Records shown: Begin

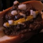 The main course was a Chicago-style Italian Beef sandwich served with sweet peppers and cheese fries. The sandwiches arrived wrapped in grease-spotted paper, and the cheese fries were served in paper sleeves just like you can get at the ballpark – nice touches, both of those. The fries were crisp and hot, and the cheese sauce fantastic. I spotted a couple of people digging the last of the sauce out onto their plates so they could finish it. Waiters circulated during this course with Goose Island Honkers Ale, a made-in-Chicago label.
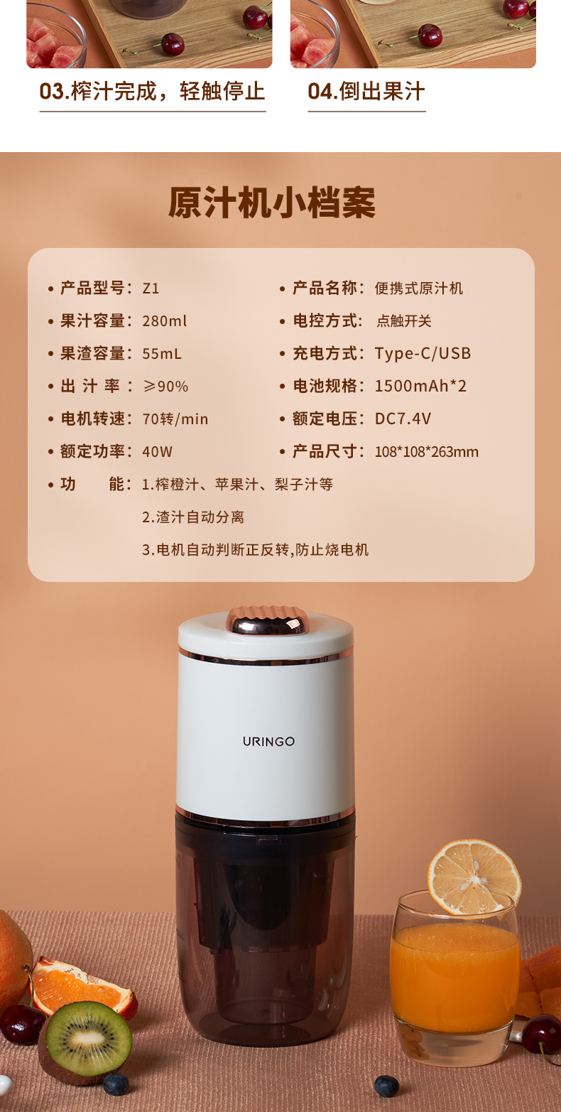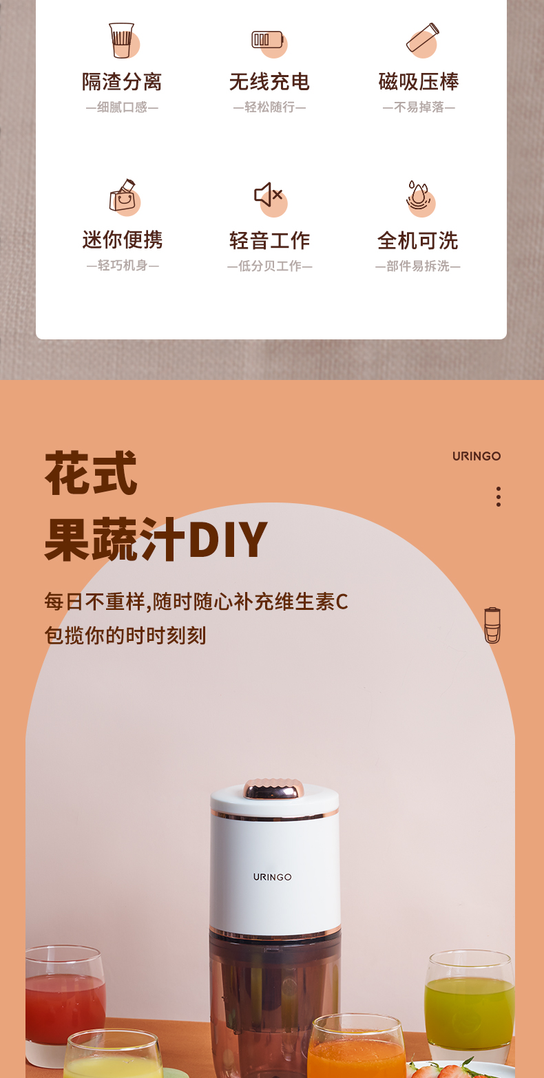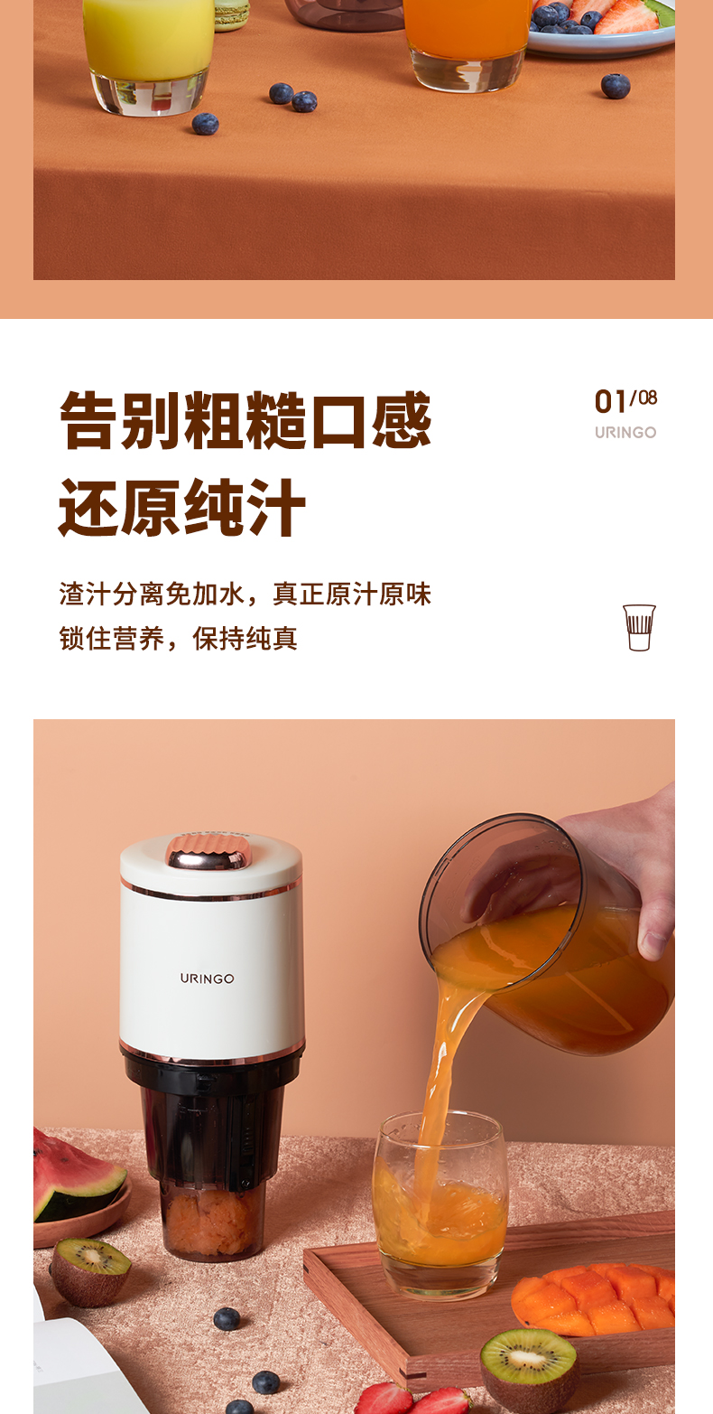 【原汁原味汁渣分离】七彩叮当无线原汁机迷你便携式无线榨汁机出汁率>90%无线充电全机可洗持久续航
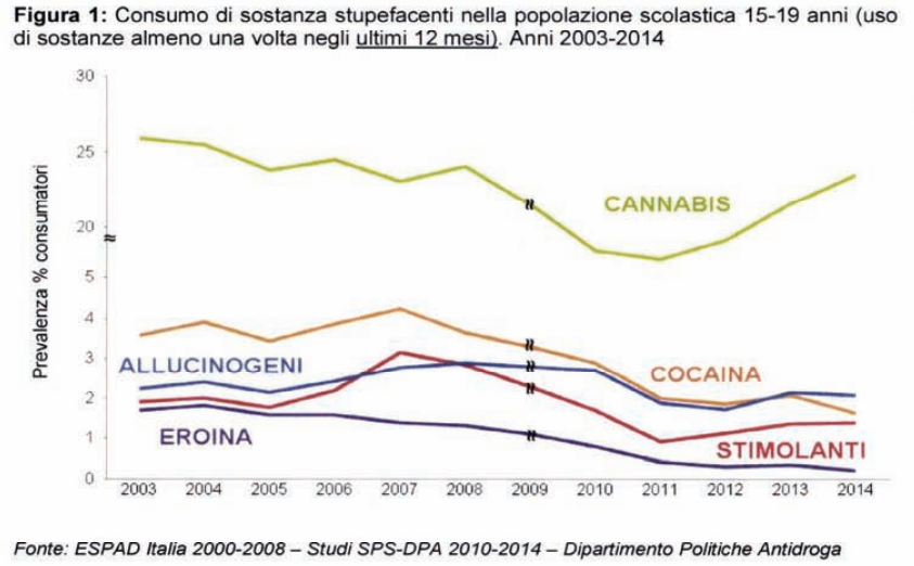 Per quanto riguarda il consumo di droghe da parte dei giovani in età scolastica, la cocaina, gli stimolanti (di cui fa parte l’ecstasy) e l’eroina hanno subìto complessivamente un calo negli ultimi 15 anni, anche se negli ultimi anni il consumo di stimolanti è leggermente aumentato. È aumentato invece molto il consumo di cannabis a partire dal 2011, anche se il consumo di questa sostanza è sempre stato molto maggiore delle altre nell’elenco ed è largamente considerato poco pericoloso dalla gran parte della letteratura scientifica (l’alcol è molto più pericoloso, per esempio).
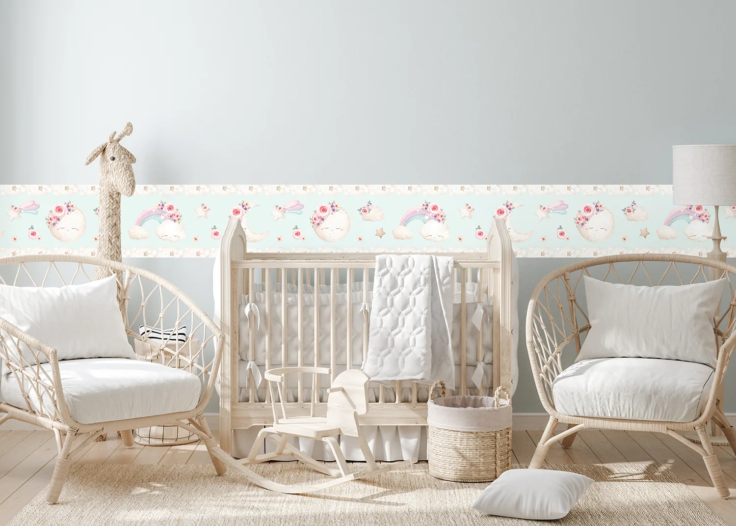Rozjasněte pokoj svého dítěte s našimi bordurami na zed‘ Modrý Akvarelový Měsíc. Bordury jsou vytvořeny tak, aby do každého prostoru vnesly kromě nádechu hravosti také teplo a radost.
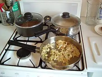 8. Fry the onion in olive oil until crisp and deeply golden brown (this may take a while but will result in much fuller flavor).
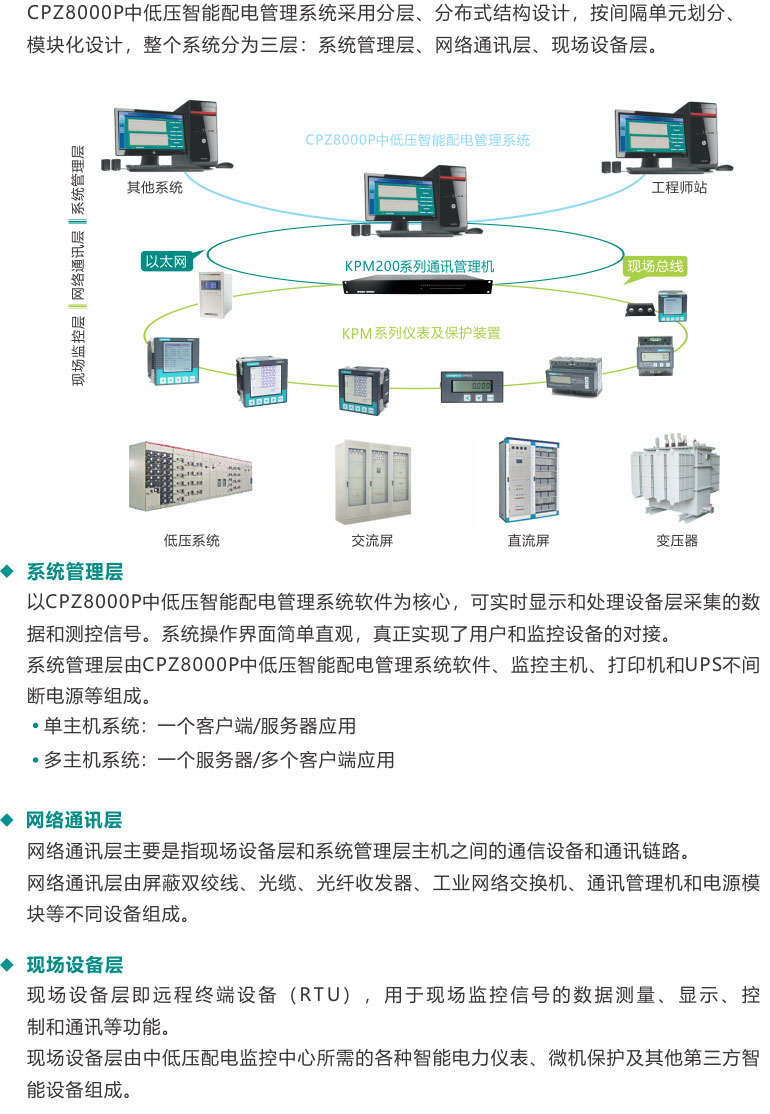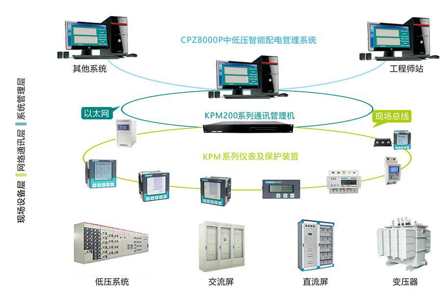 CPZ8000P中低壓智能配電管理系統(tǒng)采用分層、分布式結(jié)構(gòu)設(shè)計,按間隔單元劃分、模塊化設(shè)計,整個系統(tǒng)分為三層:系統(tǒng)管理層、網(wǎng)絡(luò)通訊層、現(xiàn)場設(shè)備層。
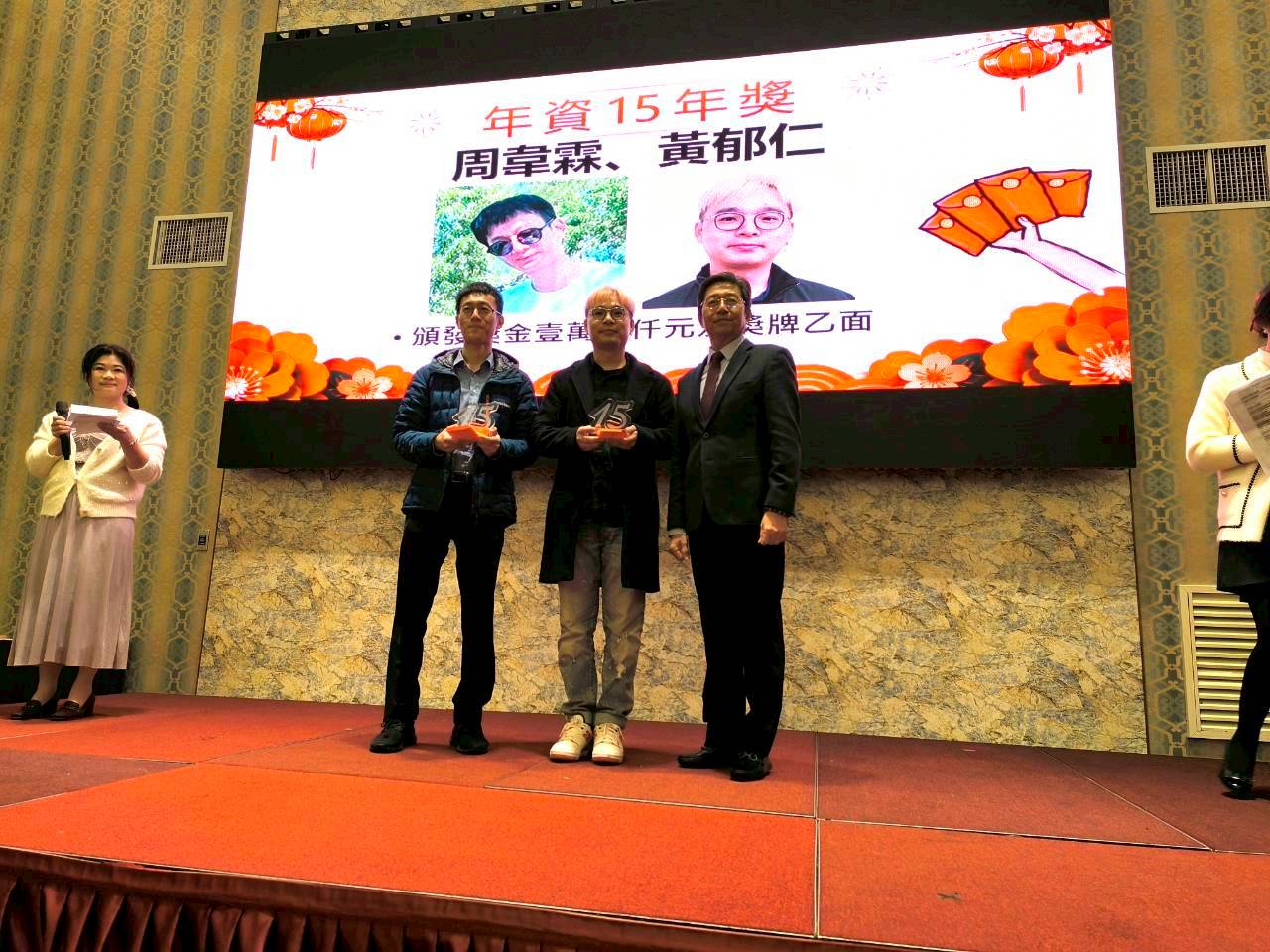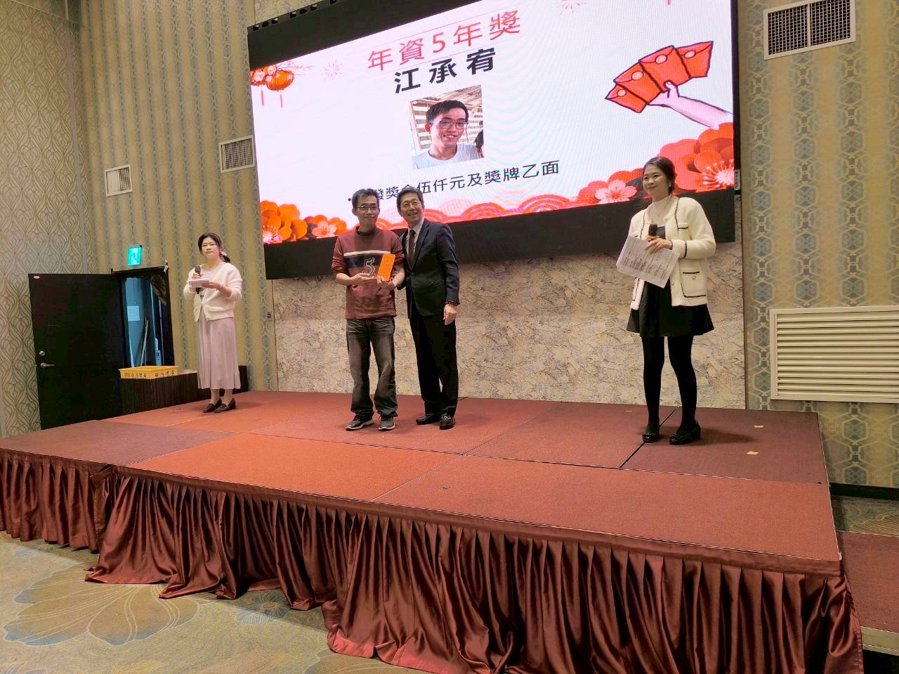 同時對年資滿5年/10年/15年的員工,給予公開表揚及鼓勵。

Records shown: End

→ **Problem requirements**: Quote every record above exactly, leaving out any pictures.

→ **Written reply**:
 The main course was a Chicago-style Italian Beef sandwich served with sweet peppers and cheese fries. The sandwiches arrived wrapped in grease-spotted paper, and the cheese fries were served in paper sleeves just like you can get at the ballpark – nice touches, both of those. The fries were crisp and hot, and the cheese sauce fantastic. I spotted a couple of people digging the last of the sauce out onto their plates so they could finish it. Waiters circulated during this course with Goose Island Honkers Ale, a made-in-Chicago label.
 【原汁原味汁渣分离】七彩叮当无线原汁机迷你便携式无线榨汁机出汁率>90%无线充电全机可洗持久续航
 Per quanto riguarda il consumo di droghe da parte dei giovani in età scolastica, la cocaina, gli stimolanti (di cui fa parte l’ecstasy) e l’eroina hanno subìto complessivamente un calo negli ultimi 15 anni, anche se negli ultimi anni il consumo di stimolanti è leggermente aumentato. È aumentato invece molto il consumo di cannabis a partire dal 2011, anche se il consumo di questa sostanza è sempre stato molto maggiore delle altre nell’elenco ed è largamente considerato poco pericoloso dalla gran parte della letteratura scientifica (l’alcol è molto più pericoloso, per esempio).
Rozjasněte pokoj svého dítěte s našimi bordurami na zed‘ Modrý Akvarelový Měsíc. Bordury jsou vytvořeny tak, aby do každého prostoru vnesly kromě nádechu hravosti také teplo a radost.
 8. Fry the onion in olive oil until crisp and deeply golden brown (this may take a while but will result in much fuller flavor).
 CPZ8000P中低壓智能配電管理系統(tǒng)采用分層、分布式結(jié)構(gòu)設(shè)計,按間隔單元劃分、模塊化設(shè)計,整個系統(tǒng)分為三層:系統(tǒng)管理層、網(wǎng)絡(luò)通訊層、現(xiàn)場設(shè)備層。
 同時對年資滿5年/10年/15年的員工,給予公開表揚及鼓勵。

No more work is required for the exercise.